THE GAZANS Most of the people living in Gaza are not
there by choice. The majority of the 1.5 million people
crammed into the roughly 140 square miles of the Gaza
Strip belong to families that came from towns and
villages outside Gaza like Ashkelon and Beersheba. They
were driven to Gaza by the Israeli Army in 1948.

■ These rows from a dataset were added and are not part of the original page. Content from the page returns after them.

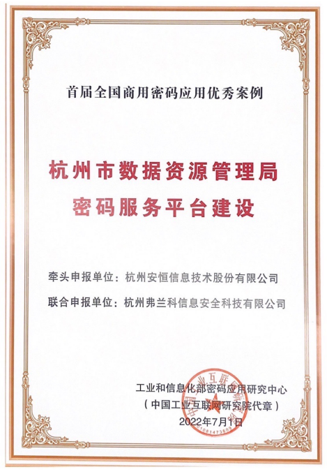 2022年,安恒信息及旗下子公司弗兰科信息深耕密码领域,围绕新应用和数据安全领域,提供完整密码产品体系;满足密评合规性、助力产业升级及数据安全发展。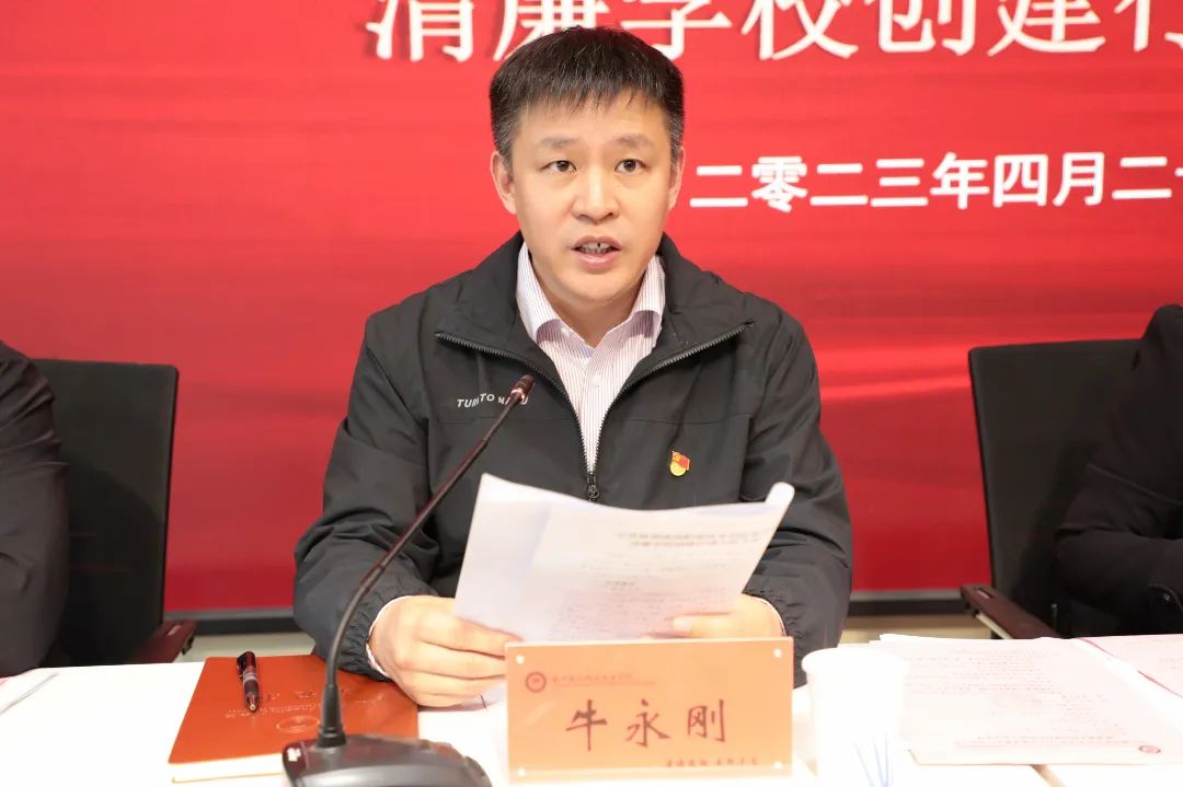 会上,党建指导员、党委副书记牛永刚宣读了《开展“学习新思想,奋楫新征程”学习宣传贯彻党的二十大精神主题宣传教育活动》实施方案及《中共开云官方端网页版登录入口委员会清廉学校创建行动》工作方案,并结合我校近两年全面从严治党的实际情况,对学校2023年党建重点工作及清廉学校创建行动工作进行了安排部署。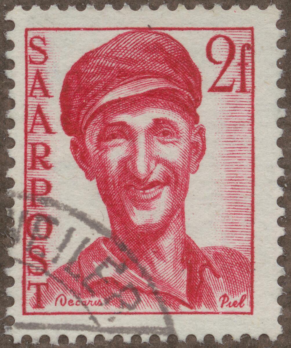 Frimärke från Saar, 1948. Motiv av Järnarbetare i Saar

THE OCCUPATION The Gazans have lived under Israeli
occupation since the Six-Day War in 1967. Israel is
still widely considered to be an occupying power, even
though it removed its troops and settlers from the strip
in 2005. Israel still controls access to the area,
imports and exports, and the movement of people in and
out. Israel has control over Gaza’s air space and sea
coast, and its forces enter the area at will. As the
occupying power, Israel has the responsibility under the
Fourth Geneva Convention to see to the welfare of the
civilian population of the Gaza Strip.
THE BLOCKADE Israel’s blockade of the strip, with the
support of the United States and the European Union, has
grown increasingly stringent since Hamas won the
Palestinian Legislative Council elections in January
2006. Fuel, electricity, imports, exports and the
movement of people in and out of the Strip have been
slowly choked off, leading to life-threatening problems
of sanitation, health, water supply and transportation.

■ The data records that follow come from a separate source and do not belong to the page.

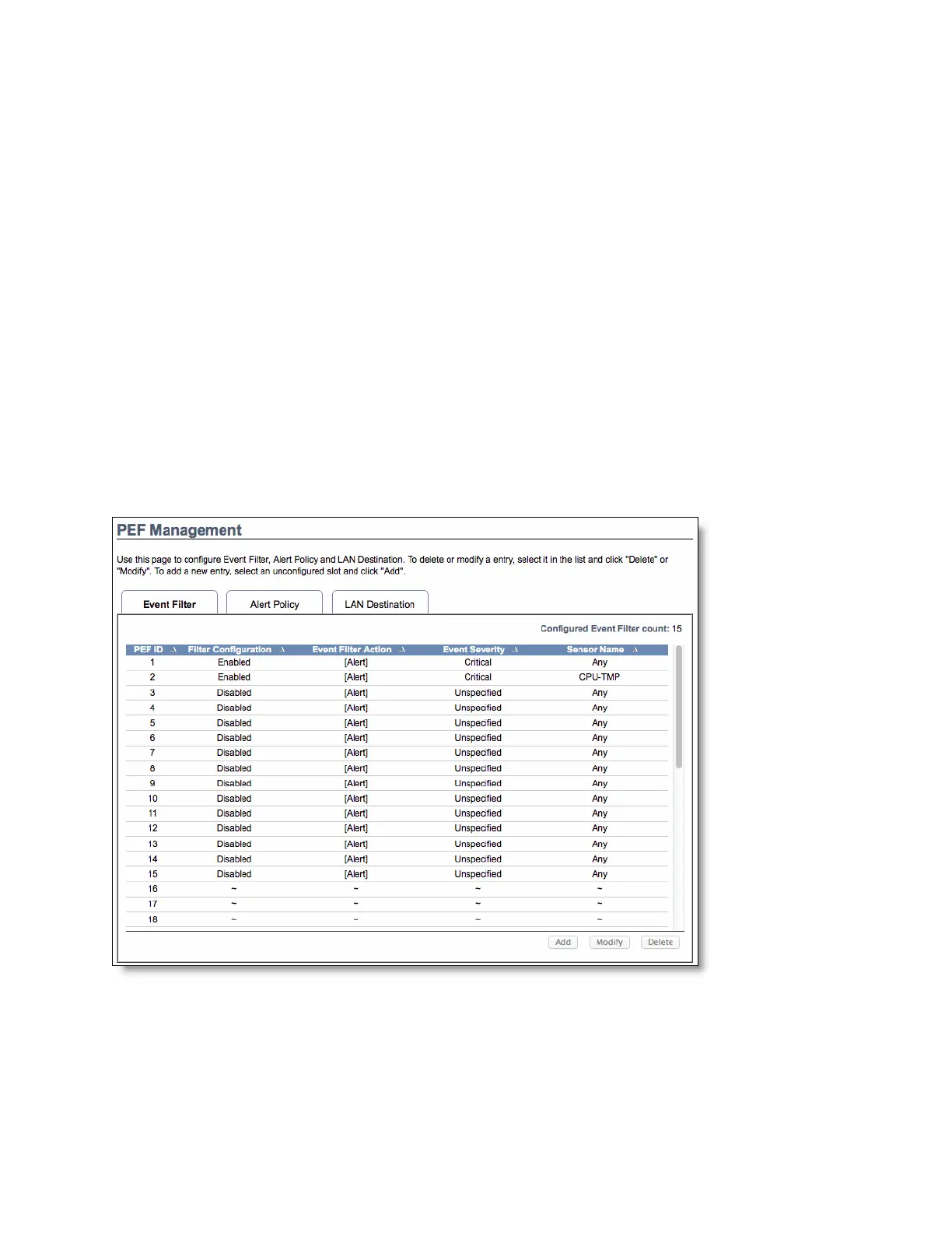 You can use the Configuration > PEF page to manage the Platform Event Filtering settings. You can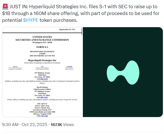 Hyperliquid Strategies officially filed with the U.S. SEC to raise up to $1 billion through a new equity offering. The company plans to issue roughly 160 million common shares under a committed equity facility with Chardan Capital Markets. Funds will be used to reinforce its balance sheet and fuel the HYPE token acquisition plan.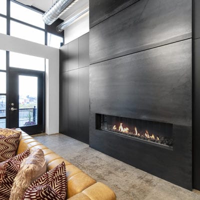 67” Linear Gas Fireplace with Custom Metal Fireplace Surround

The blockade has subjected many to unemployment, penury
and malnutrition. This amounts to the collective
punishment — with the tacit support of the United States
— of a civilian population for exercising its democratic
rights.
THE CEASE-FIRE Lifting the blockade, along with a
cessation of rocket fire, was one of the key terms of
the June cease-fire between Israel and Hamas. This
accord led to a reduction in rockets fired from Gaza
from hundreds in May and June to a total of less than 20
in the subsequent four months (according to Israeli
government figures). The cease-fire broke down when
Israeli forces launched major air and ground attacks in
early November; six Hamas operatives were reported
killed.
WAR CRIMES The targeting of civilians, whether by Hamas
or by Israel, is potentially a war crime. Every human
life is precious. But the numbers speak for themselves:
Nearly 700 Palestinians, most of them civilians, have
been killed since the conflict broke out at the end of
last year. In contrast, there have been around a dozen
Israelis killed, many of them soldiers. Negotiation is a
much more effective way to deal with rockets and other
forms of violence. This might have been able to happen
had Israel fulfilled the terms of the June cease-fire
and lifted its blockade of the Gaza Strip.
This war on the people of Gaza isn’t really about
rockets. Nor is it about “restoring Israel’s
deterrence,” as the Israeli press might have you
believe. Far more revealing are the words of Moshe
Yaalon, then the Israeli Defense Forces chief of staff,
in 2002: “The Palestinians must be made to understand in
the deepest recesses of their consciousness that they
are a defeated people.”
Rashid Khalidi, a professor of Arab studies at Columbia,
is the author of the forthcoming “Sowing Crisis: The
Cold War and American Dominance in the Middle East."